The one movie Guillermo del Toro will always regret turning down: “Now and then I go, ‘Oh, fuck'”
Even though he’s worked almost exclusively in horror, fantasy, and sci-fi, three genres that don’t typically find themselves drowning in awards season recognition, Guillermo del Toro has evolved into an Oscars darling, something that seemed unimaginable when he was directing Blade II and Pacific Rim.
As well as being the only person in history to win Academy Awards for ‘Best Picture’, ‘Best Director’, and ‘Best Animated Feature’, the filmmaker’s lifelong passion project, Frankenstein, gave him his seventh and eighth individual nominations, which have been split across five categories to underline his versatility.
He’s never been the kind of auteur to actively chase accolades, and he must have been more surprised than anyone that The Shape of Water notched 13 nominations in total, when he said that he “had no idea that anyone wanted to see the fish get funky.” They did, Guillermo, and so did the Academy, apparently.
Frankenstein was his 13th feature in the 32 years since he made his debut with 1992’s Cronos, and while averaging a new film every two and a half years or so isn’t a bad return, del Toro would have been a lot more prolific if he’d made even a fraction of the flicks he was announced to be directing that never happened.
At the Mountains of Madness is the most notable, but for various reasons, he’s also picked up and dropped The Hobbit, the concluding chapter in his Hellboy trilogy, The Wind in the Willows, The Creature from the Black Lagoon, The Haunted Mansion, and many, many, many more.

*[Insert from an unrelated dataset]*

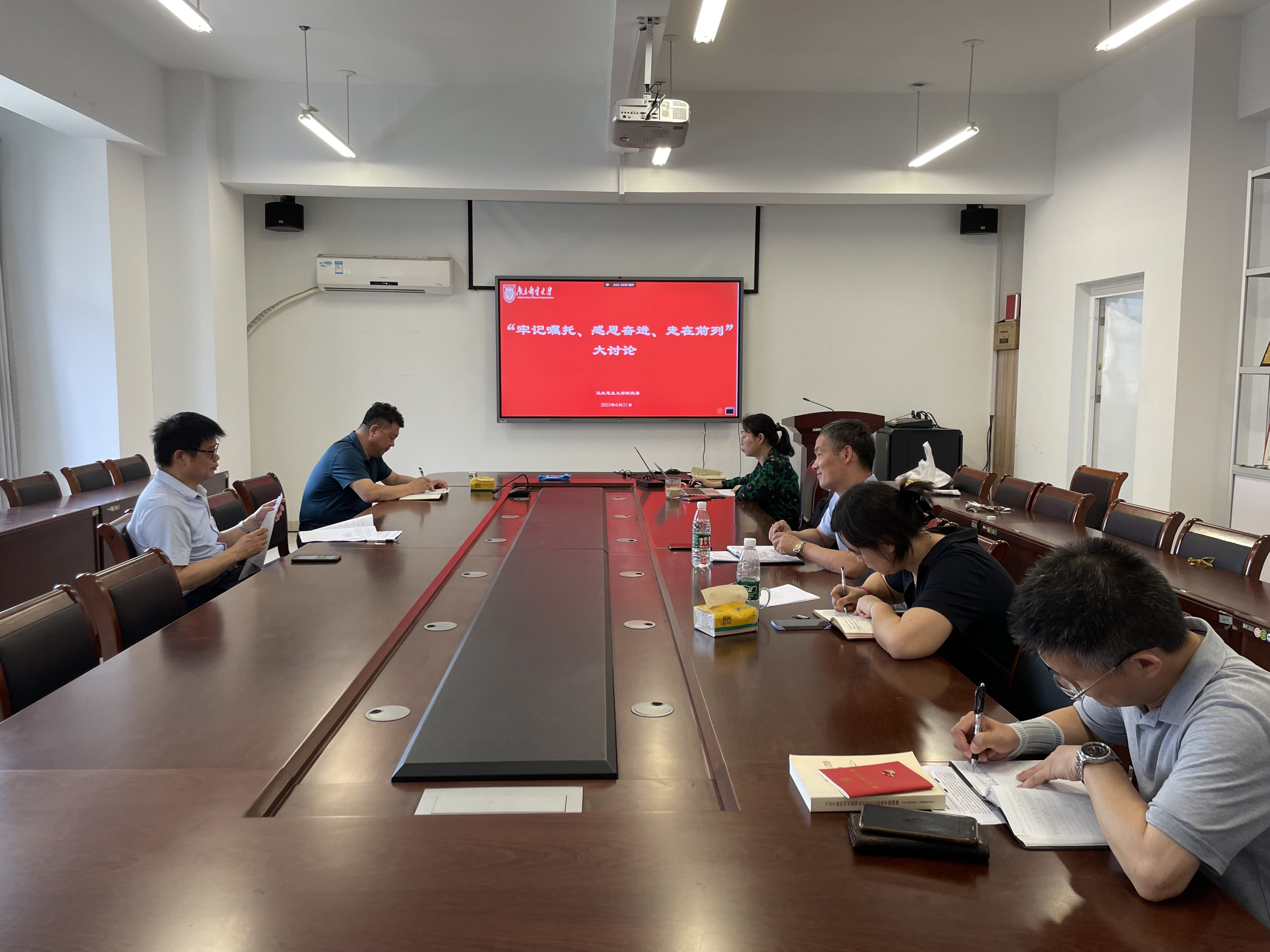 6月21日,公司在文科楼330会议室开展学习贯彻习近平新时代中国特色社会主义思想主题教育“牢记嘱托、感恩奋进、走在前列”大讨论。会议由公司党委书记沈召前主持,党委理论学习中心组成员参加。

He isn’t one for harbouring regrets, though, even if there is one exception, as there usually tends to be.
During an appearance at the Annecy International Animation Film Festival, del Toro was asked if there were any movies he’d been offered that he regretted turning down. Surprisingly, given how many he’s flirted with over the decades, there was only a solitary answer: “The only one is Harry Potter,” he said. “Now and then, I go, ‘Oh, fuck.'”
He’d already explained his reasons before for rejecting the franchise’s third instalment, The Prisoner of Azkaban, explaining to MTV that he “saw them as deeper, more creaky, more corroded” stories, whereas Chris Columbus’ first two films “were so bright and happy and full of light that I wasn’t interested.”
Ironically, not only did one of his close friends and fellow member of the ‘Three Amigos’, Alfonso Cuarón, end up with the gig, but he contemplated turning it down until del Toro convinced him otherwise, with the latter recalling how the former called him “such a fucking arrogant bastard” for dismissing the offer without having read the books.
Had del Toro helmed The Prisoner of Azkaban, it may not have turned out too differently from Cuarón’s take on the material; after all, it’s widely regarded as the best in the eight-film series, and blending dark fantasy with lavish production design has become his signature, which is probably why it’s the only one he regrets.